Copy from Review for Federal Government, Winter 1994-95, pg 13, 620 words
Note: Review was published for different markets, egg., local gov, state gov., higher education, K-12 education, financial services, etc. Same article appeared in almost every Review that was published during this time.
Gateway to the Information Highway
By Sandy Prater
"If you build it, they will come," so Kevin Costners character built a baseball field in he Iowa cornfields of a Hollywood movie.
And in real life, U S WEST built Synchronous Service Transport.
"SST is the gateway to the information highway," said U S WEST Product Manager John Schenk. "Customers often tell us what they want from us. And whenever we introduce faster speeds, they come to us with new ideas and applications for the service."
Basically, SST is a linear SONET (Synchronous Optical Network) two-point private line that operates at OC-3, OC-12 and OC-48 speeds 155.52 MBPs, 622.08 MBPS and 2,488 Gbps respectively with Add-Drop Multiplexing (ADM) functionality at the serving wire centers.
Twenty years ago, 150 bps teletypewriters were state-of-the art. Ten years later, DS1 was. With offerings at 2,488 Gbps, SST is over two million times faster than the teletypewriter and 1600 times faster than DS!. If the past is any indicator, SST will double in capacity every two years.
SST fiber and optical transmission media is re0placing both the copper plant and digital formats and it is a major step toward the error-free network.
Mechanically, the entire optical system is protected by redundancy. Each piece of network equipment has a working laser and receiver, in addition to a protect laser and receiver system that will take over automatically is there is a failure on the working system. The transfer takes less than 50 milliseconds. There is a corresponding physical redundancy in the loops between U S WEST wire centers and customer premises.
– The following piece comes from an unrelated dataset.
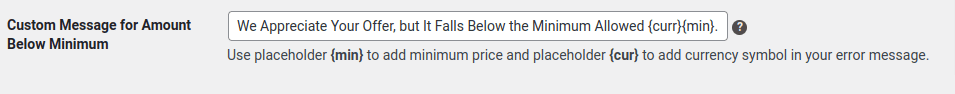 These placeholders dynamically replace with the actual currency symbol and price limits associated with the specific product.
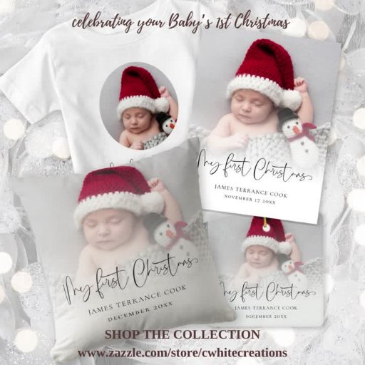 Baby First Christmas Custom Photo Overlay. A celebration of your baby's 1st Christmas. Replace the sample image with your own favourite. My First Christmas is in a stylish set script and easily personalise with name and the year.

The protect laser fiber pair is routed 25 feet or more away from the working fiber pair. This diversity is from the first utility vault outside the wire center to the last terminal before the subscriber.
SONET technology contains several monitoring levels and the entire system is monitored at the Synchronous Transport Signal (STS) level the local maintenance center. This performance monitoring examines the quality of the data being transmitted. 1.73 megabits of data are dedicated to maintenance and quality monitoring in each STS. There are three STSs in each OC-3.
U S WEST monitors the occasional errors that occur in all systems, and searches for recurrences that might indicate system degradation. Over 19 parameters are constantly checked. Some like Code Violation are monitored at the section, line, STS path, and virtual tributary path levels. If any violation occurs six or more times in an eight-hour period, an alarm is sent to the maintenance center for possible corrective action. These errors are normally invisible to end-users, and careful monitoring prevents them from becoming visible.
The overall message is monitored via a path overhead that is embedded in the payload delivered to the subscriber. This is available to the subscriber for monitoring the quality of the message envelope.
An excellent example of SST technology deployment is the design of Boeings newest commercial airplane, the 777. By using SST in their computer-aided design process, they were able to significantly reduce the design and delivery time of the final product. The technology also helped Boeing improve the quality of the air-frame-product design.
As the country takes its first tentative steps on the information highway, the direction well go next is still a mystery. Applications are devised daily by U S WEST customers that improve the way we all communicate and do business. SST is the transportation vehicle that will deliver these applications to the nation.